DATA Start Marker

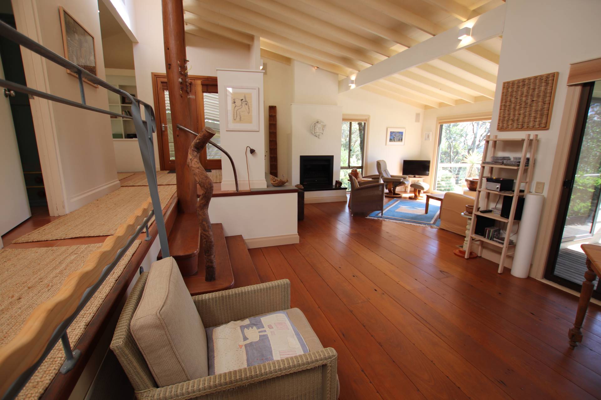 * Generous sitting room with gas log fire, raked ceilings, solid timber floors, a large picture window with a retractable canvas blind and doors to deck
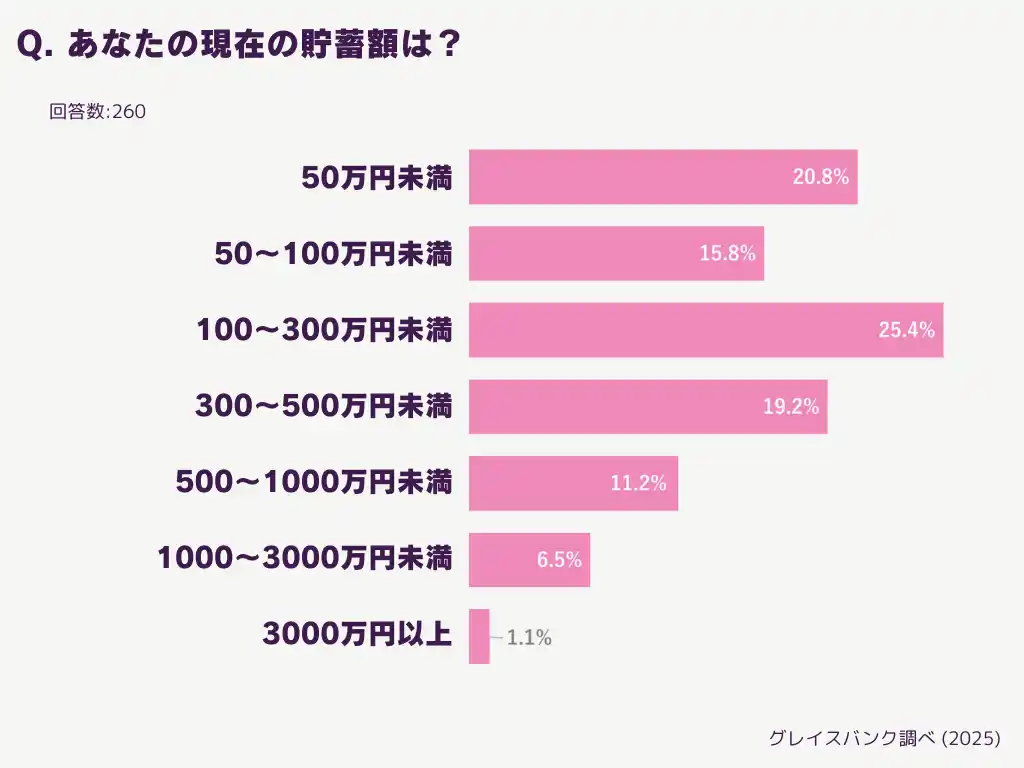 さらに、現在の貯金額についても聞いてみました。結果は以下の通り。 |
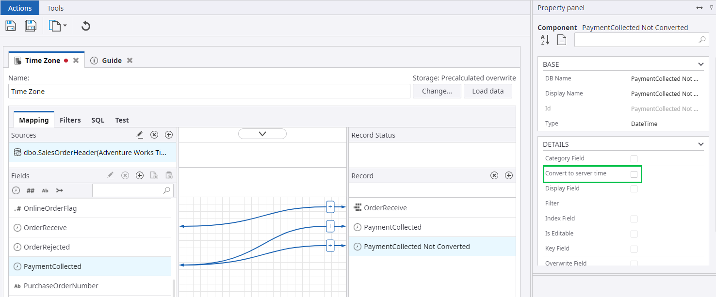 In the dbo.SalesOrderHeader table, select the PaymentCollected field and navigate to the Property panel. In the Other group, set Time zone mode to Custom and select the UTC Time zone.
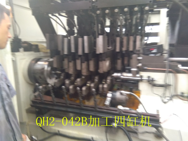 QH2-042變力曲軸圓角滾壓及滾壓校直機(jī)床(發(fā)明專利號1823602)是與武漢理工大學(xué)共同開發(fā)的一款高檔數(shù)控設(shè)備。該機(jī)床為九鉗直立布置,可以一次性對所有四缸曲軸完成的變力滾壓,自動檢測和自動滾壓校直的加工。該機(jī)床帶有測力器,自動檢測工件零位,自動檢測記錄工件加工情況和滾輪破碎自動檢測等功能,可以完全保證工件的加工質(zhì)量。具備與著名德國的圓角滾壓設(shè)備制造商Hegenscheidt公司產(chǎn)品同樣的功能,具有極高的性價比。
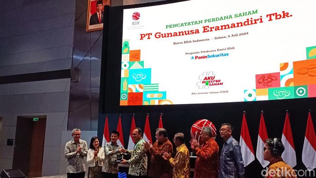 Produsen makanan dan kacang-kacangan, PT Gunanusa Eramandiri Tbk (GUNA) resmi melantai dengan kode saham GUNA di Bursa Efek Indonesia (BEI) hari ini, Selasa (9/7) dan menjadi emiten ke-31 yang tercatat sepanjang 2024. Baru diluncurkan, saham GUNA meroket 34,67% alias nyaris Auto Rejection Atas (ARA).
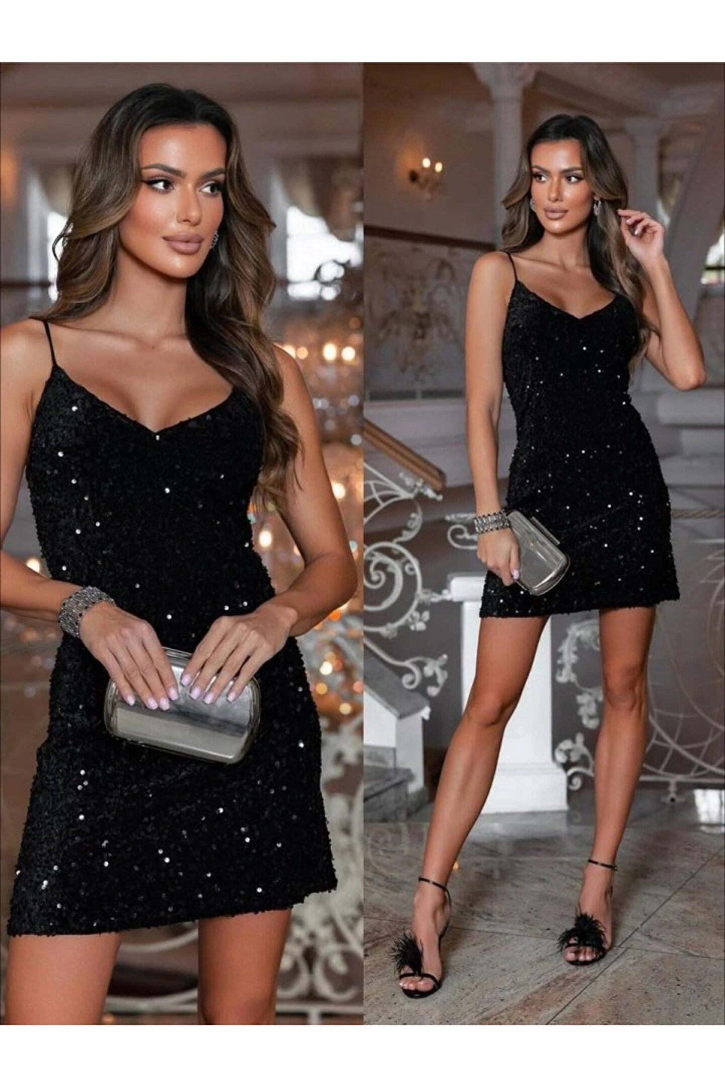 Kadın Omuz Askılı Sırt Dekolteli Kadife Kumaş üzerine Full Pul Payetişlemeli Mini Elbise
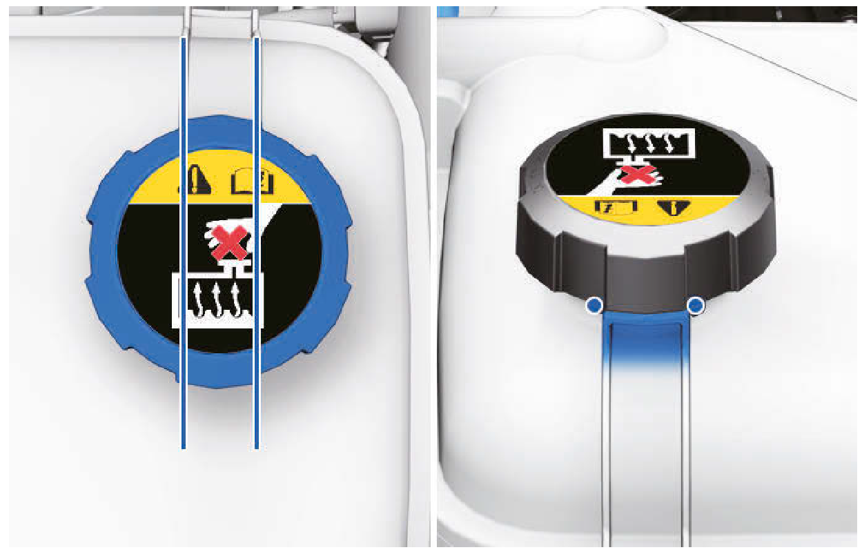 - 添加冷卻液後,確認冷卻液蓋正確關閉。否則馬達可能會在駕駛時過熱。
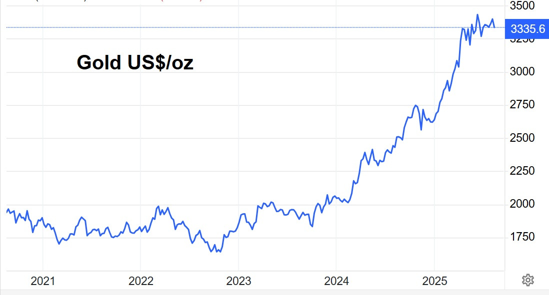 We Now Have the Problem Everyone WantsIs it time to take profits? John RubinoAug 16, 2025∙ Paid98358ShareOver the past five years, gold has done this:And so far this year, GDX (an ETF that owns most of the large gold miners), has done this: This post is for paid subscribersSubscribeAlready a paid subscriber? Sign inPreviousNext

DATA End Marker

WORK INSTRUCTIONS -> Starting at the line that contains "Kadın Omuz Askılı", write out every line through the end of the entries above exactly, and omit the pictures.

RESPONSE BOX ->
 Kadın Omuz Askılı Sırt Dekolteli Kadife Kumaş üzerine Full Pul Payetişlemeli Mini Elbise
 - 添加冷卻液後,確認冷卻液蓋正確關閉。否則馬達可能會在駕駛時過熱。
 We Now Have the Problem Everyone WantsIs it time to take profits? John RubinoAug 16, 2025∙ Paid98358ShareOver the past five years, gold has done this:And so far this year, GDX (an ETF that owns most of the large gold miners), has done this: This post is for paid subscribersSubscribeAlready a paid subscriber? Sign inPreviousNext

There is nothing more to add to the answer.